The Met Office’s Richard Jones has been the co-ordinating lead author on the Interactive Atlas – a new feature in the Working Group I report. He said:

“The report demonstrates that climate change is currently affecting all regions and will increasingly do so over the coming decades. Each region will experience a diverse and often unique combination of changes in climatic conditions which have the potential to cause impacts affecting people or ecosystems. Over land areas these will always include changes linked to heat and cold, rain and drought and in many cases coastal flooding, wind, snow and more. This focus on impact-relevant changes is a new feature in this Working Group I report. It comes from a significant effort from the IPCC and the authors of its reports to improve collaboration between the working groups. Here it ensures this report is relevant to Working Group II on Impacts, Adaptation and Vulnerability.”

The Working Group II report looks at impacts, adaptation and vulnerability and also saw significant Met Office contributions, including several contributing authorships and a lead author. Colleagues from the Met Office Academic Partnership (MOAP) have also contributed to the report as authors and editors.

Professor Richard Betts MBE, of the Met Office and the University of Exeter, is one of the report’s Lead Authors. He said:

“This Sixth Assessment Report shows that climate change is already having widespread impacts, and further impacts are in the pipeline even if emissions are cut as rapidly as the most ambitious scenario suggests. Urgent action is needed to adapt to these changes.

“We also conclude that many future climate-related risks are more severe than previous IPCC assessments, increasing the urgency of cutting greenhouse gas emissions to limit future warming to as low as possible.”

Professor Klein Tank commented on the publication of the Working Group II report:

“Preventing debilitating impacts on society from increasing climate change is no longer a choice - that option closed several decades ago.

“Today’s report says it is vital to adapt to the increasing climate change we are already seeing and what we know we will see in future.

“But of course lowering greenhouse gas emissions will help to avoid the most extreme climate change impacts.”
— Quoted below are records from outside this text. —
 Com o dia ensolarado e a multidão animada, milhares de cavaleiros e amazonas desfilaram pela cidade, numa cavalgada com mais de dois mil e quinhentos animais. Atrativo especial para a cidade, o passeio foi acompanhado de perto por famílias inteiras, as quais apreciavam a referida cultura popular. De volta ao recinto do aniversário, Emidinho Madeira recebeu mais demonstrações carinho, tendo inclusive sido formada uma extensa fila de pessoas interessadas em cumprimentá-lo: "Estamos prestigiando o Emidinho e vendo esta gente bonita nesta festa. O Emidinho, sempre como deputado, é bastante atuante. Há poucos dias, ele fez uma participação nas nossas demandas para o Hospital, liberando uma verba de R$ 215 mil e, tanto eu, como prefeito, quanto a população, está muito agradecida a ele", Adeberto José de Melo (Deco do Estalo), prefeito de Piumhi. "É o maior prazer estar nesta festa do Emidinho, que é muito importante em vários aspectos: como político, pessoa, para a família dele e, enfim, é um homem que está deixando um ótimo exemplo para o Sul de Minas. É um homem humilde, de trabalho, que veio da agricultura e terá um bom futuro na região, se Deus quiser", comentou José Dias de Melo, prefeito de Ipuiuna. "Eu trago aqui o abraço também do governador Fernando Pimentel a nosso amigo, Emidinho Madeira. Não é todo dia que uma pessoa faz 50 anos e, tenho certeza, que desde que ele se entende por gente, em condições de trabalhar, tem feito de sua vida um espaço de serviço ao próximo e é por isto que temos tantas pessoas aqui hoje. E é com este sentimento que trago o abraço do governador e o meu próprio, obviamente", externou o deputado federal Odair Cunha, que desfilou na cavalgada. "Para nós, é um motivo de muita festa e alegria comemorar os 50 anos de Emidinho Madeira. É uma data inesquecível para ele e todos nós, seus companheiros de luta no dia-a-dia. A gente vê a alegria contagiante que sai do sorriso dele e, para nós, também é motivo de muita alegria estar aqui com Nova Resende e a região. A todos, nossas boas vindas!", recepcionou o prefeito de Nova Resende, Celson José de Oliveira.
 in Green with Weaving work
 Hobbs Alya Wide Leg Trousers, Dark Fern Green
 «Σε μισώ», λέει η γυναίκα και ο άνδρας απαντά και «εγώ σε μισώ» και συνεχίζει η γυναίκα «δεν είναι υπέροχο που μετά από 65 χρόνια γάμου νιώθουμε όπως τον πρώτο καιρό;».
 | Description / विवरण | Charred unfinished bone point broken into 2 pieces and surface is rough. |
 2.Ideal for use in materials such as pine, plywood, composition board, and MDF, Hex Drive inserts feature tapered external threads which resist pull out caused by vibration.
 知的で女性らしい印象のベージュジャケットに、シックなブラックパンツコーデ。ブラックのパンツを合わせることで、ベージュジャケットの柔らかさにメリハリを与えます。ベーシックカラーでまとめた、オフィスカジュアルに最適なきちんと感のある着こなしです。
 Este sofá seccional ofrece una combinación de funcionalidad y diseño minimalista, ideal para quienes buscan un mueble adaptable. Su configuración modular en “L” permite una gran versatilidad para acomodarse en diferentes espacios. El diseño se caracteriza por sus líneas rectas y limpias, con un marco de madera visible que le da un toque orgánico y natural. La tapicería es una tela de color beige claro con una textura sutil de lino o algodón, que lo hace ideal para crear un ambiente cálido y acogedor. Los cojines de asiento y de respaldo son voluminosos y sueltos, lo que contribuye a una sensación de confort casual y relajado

Met Office science has formed a valuable component of the Working Group III report which examined the mitigation of climate change. Professor Jason Lowe OBE, of the Met Office and the University of Leeds, acted as a review editor on the report’s introduction.

Dr Andy Wiltshire, Head of Earth System and Mitigation Science, said:

“Climate change remains one of the major threats to human wellbeing and security. Rapid reductions in emissions of greenhouse gases remains the only way to reduce this risk. The recent set of IPCC reports bring a message of hope, that through climate resilience development combined with protection and regeneration of our environment we can simultaneously mitigate the worst risks, adapt to the inescapable impacts of climate change whilst improving human wellbeing and sustainability. To realise this potential requires urgent action to mitigate emissions and set us on a sustainable path of development.”